10th Sunday after Pentecost - The feeding of the 5,000

Matthew 14:13-21

Our gospel this morning begins with “Now when Jesus heard this, he withdrew from there in a boat to a deserted place by himself” (Matt 14:13). What Jesus had just heard, was what had happened to John the Baptist, murdered by Herod Antipas in fulfilment of a vain promise made to his step-daughter Salome; anything she asked for was hers. With the connivance of her mother Herodias, she asked for the head of John the Baptist on a platter and got it (Mat 14:1-2).

I think that when Jesus heard, he would have been greatly saddened and grieved. A man who was not only a blood relation but a man whom Jesus had described as the greatest of all the prophets sent by God, had been foully murdered.

So Jesus withdrew from there in a boat to a deserted place by himself. It is the only image I can find in Scripture of Jesus sailing or rowing a boat by himself. In fact, the disciples who would normally sail or row the boat don’t even come into this story until quite late in the piece.

What Jesus did, was cross a short piece of water that cuts across the northern tip of Lake Galilee and come to a deserted place to land. He is seeking seclusion and a place to rest and pray. He needs a mini-Sabbath, even if only for a few hours. In the gospels, whenever Jesus needs succour, strength, and wisdom, he “withdraws” by himself to spend time with the Father. This is what he is planning to do here. (Would it be blasphemous to suggest he is very tired and very sad and wants to go home for a while?)

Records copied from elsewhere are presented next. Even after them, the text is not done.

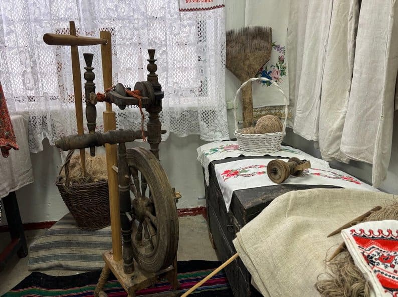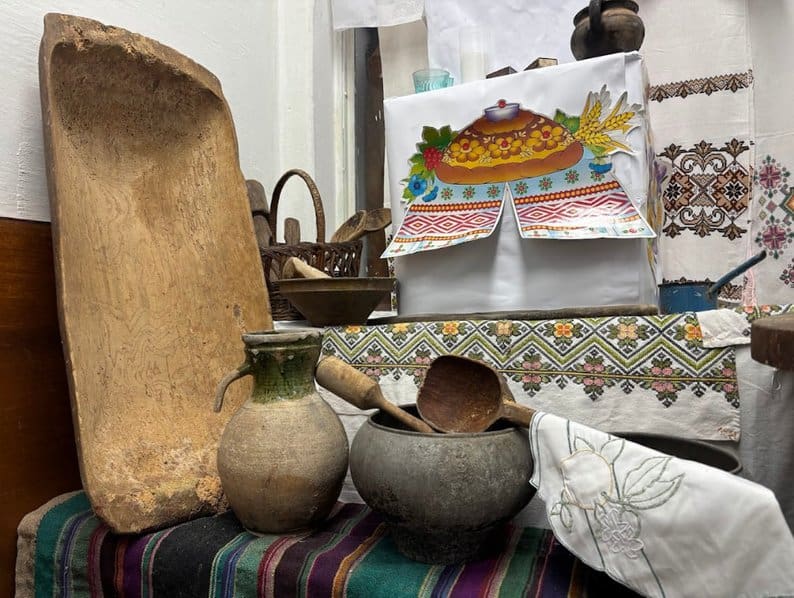 Серед експонатів — швейна машинка «Зінгер», лавки, скрині, рядна, вишиті рушники, кухонне начиння та інші предмети давнього побуту.
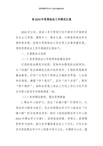 / 【七哥公文】2024年:局2024年思想政治工作情况汇报+更多免费公文+VX:QiGeGongWen2024
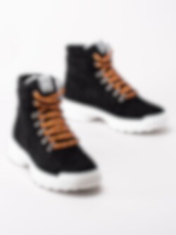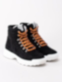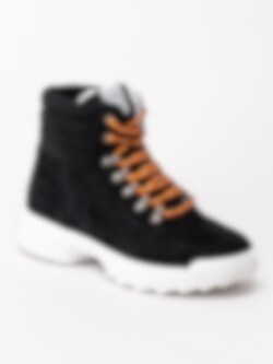 Happy Shoes - World Hike - Svarta höstkängor med orange snörning
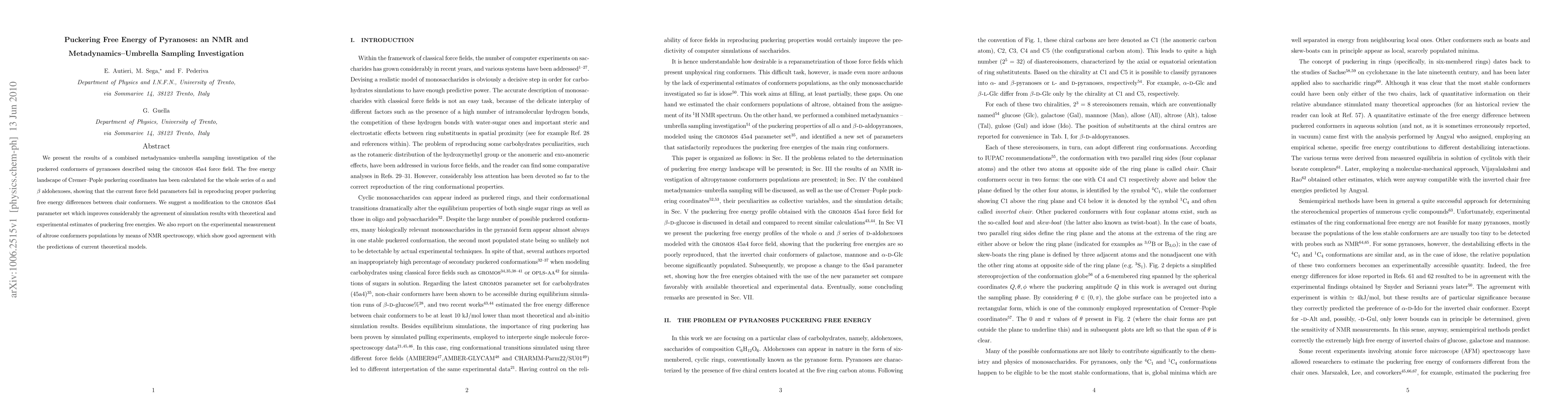 This study combines metadynamics and umbrella sampling to investigate the puckering free energy of pyranoses, revealing that the current GROMOS 45a4 force field fails to accurately reproduce puckering free energy differences. The authors propose modifications to the force field parameters to improve agreement with experimental and theoretical estimates.

Our text then continues, “but when the crowds heard it, they followed him on foot from the towns.  When he went ashore, he saw a great crowd” (14:13b-14a).

The crowd had seen where he was heading and walked around the tip of Lake Galilee and got there before him. His only time with the Lord for rest and restoration was in the boat!  So much for solitude and rest. He doesn’t even have the disciples to muster the crowd somehow.

But our wonderful Lord, instead of sighing, “had compassion for them and cured their sick.” Jesus heart was moved by their plight. In that moment, he loved them with all the love of God the father. That is what it means when the bible says Jesus was “filled with compassion.” It is always followed by healing, as it was in this case – he” cured their sick.”

Jesus’ greatest teachings, healings and signs mostly happened in the countryside and very rarely in Jerusalem. This is not a farming sort of countryside Jesus came to but a deserted place, also translated a ‘lonely’ place.

The lost sheep are those who wander off into deserted and lonely places and a good shepherd would find them and they would follow him.

The crowd are flocking to Jesus in this deserted and lonely place to hear the voice of the Good Shepherd saying to them ‘come to me, come to me.’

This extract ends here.